Collection entries:
[Start of section]

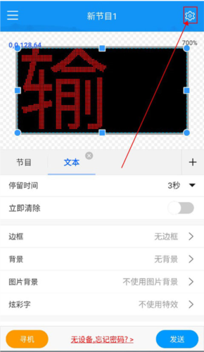 节目编辑完成,点击软件右下角的"发送"按钮即可把节目更新到显示屏上,等待发送成功即可。
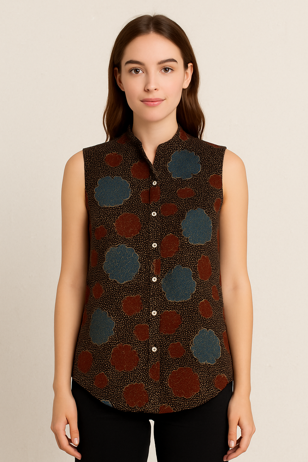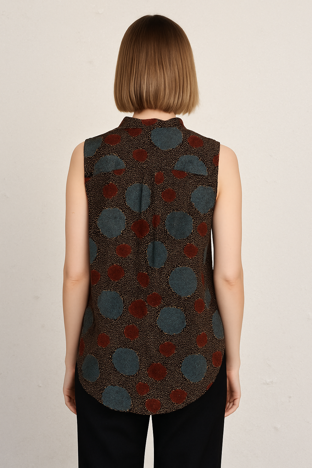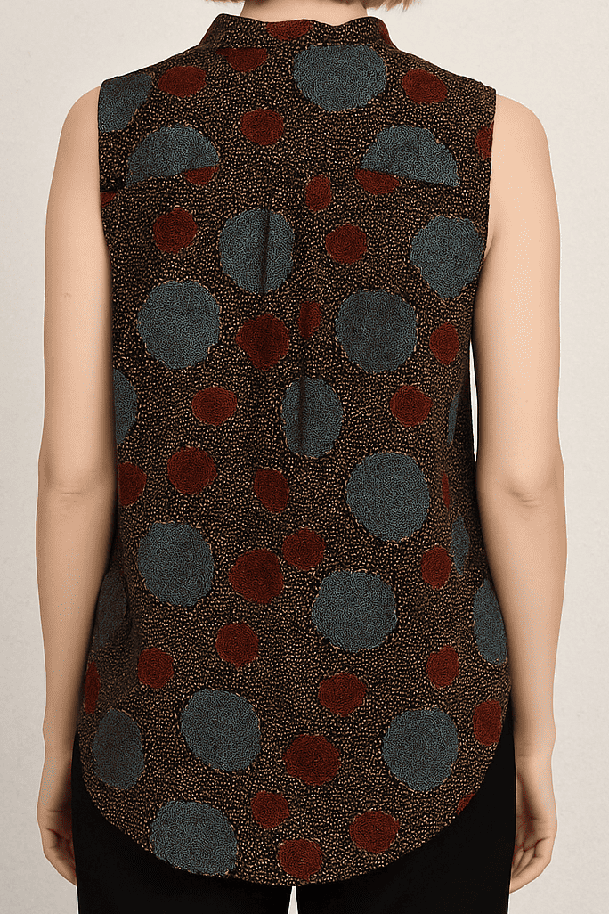 This eye-catching sleeveless shirt features a playful mix of oversized and small abstract polka dots in muted blue and maroon tones over a textured brown background. The front button-down style and mandarin collar provide a polished silhouette, while the curved hemline and soft fabric ensure comfort. Ideal for casual daywear or layering under jackets, this top adds artistic flair to your wardrobe.
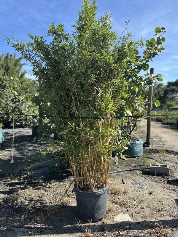 Bamboo 'Alphonse Karr' (Bambusa multiplex 'Alphonse Karr') is a clumping bamboo prized for its striking yellow canes with random green stripes and delicate green foliage. It is non-invasive, fast-growing, and forms a dense screen or hedge, making it ideal for privacy or ornamental use in tropical and subtropical landscapes.
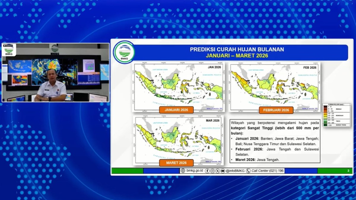 Kepala BMKG Teuku Faisal Fathani mengungkapkan, musim hujan di Indonesia diperkirakan masih akan berlangsung hingga Maret 2026, dengan puncaknya pada Januari. Hal itu disampaikan dalam Rapat Koordinasi Apel Kesiapsiagaan Bencana Hidrometeorologi Basah yang digelar secara daring.
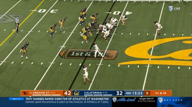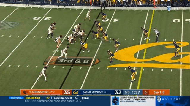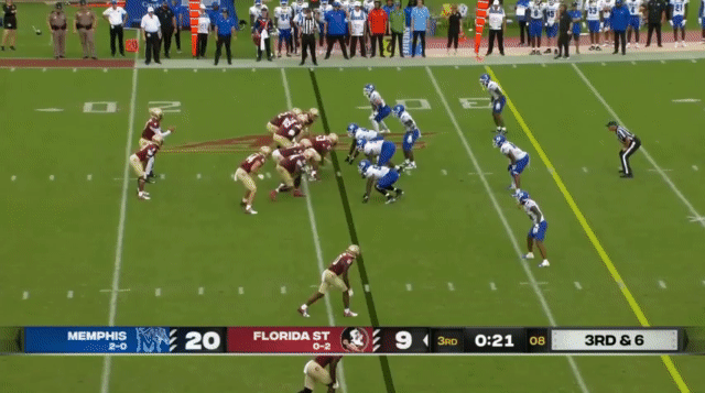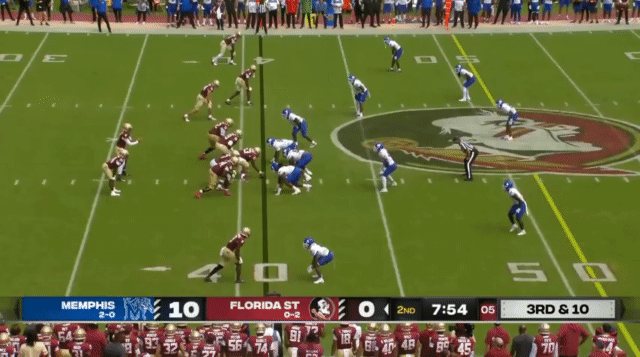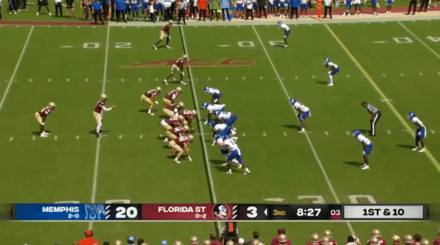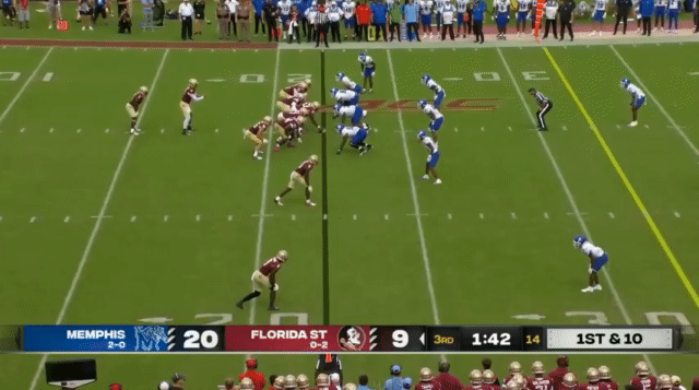 Cal fans saw firsthand last year just how good of a passer Uiagalelei can be when he lives up to that NFL potential, so let’s instead focus on what’s gone wrong for him so far this year. Uiagalelei is a rhythm passer— against Cal last year, he faced just 9 defensive pressures all game (0 QB hits, 0 sacks) on 25 dropbacks (36%), which gave Uiagalelei plenty of time to sit in the pocket and pick apart a strong Cal secondary. FSU’s opponent last week, Memphis, pressured Uiagalelei 20 times on 37 dropbacks (54%), with 4 sacks. The FSU offensive line hasn’t been able to protect Uiagalelei well enough to allow him to establish a rhythm the way Oregon State’s offensive line did (and to be fair, I don’t think many people realize how good Oregon State’s offensive line was— the right tackle, Taliese Fuaga, was a 1st round NFL Draft pick).

[End of section]

EXERCISE BRIEF: For the entries above, print exactly the lines between the one with "This eye-catching sleeveless" and the one with "Bamboo 'Alphonse Karr'", inclusive, with no pictures.

ANSWER FOR THE TASK:
 This eye-catching sleeveless shirt features a playful mix of oversized and small abstract polka dots in muted blue and maroon tones over a textured brown background. The front button-down style and mandarin collar provide a polished silhouette, while the curved hemline and soft fabric ensure comfort. Ideal for casual daywear or layering under jackets, this top adds artistic flair to your wardrobe.
 Bamboo 'Alphonse Karr' (Bambusa multiplex 'Alphonse Karr') is a clumping bamboo prized for its striking yellow canes with random green stripes and delicate green foliage. It is non-invasive, fast-growing, and forms a dense screen or hedge, making it ideal for privacy or ornamental use in tropical and subtropical landscapes.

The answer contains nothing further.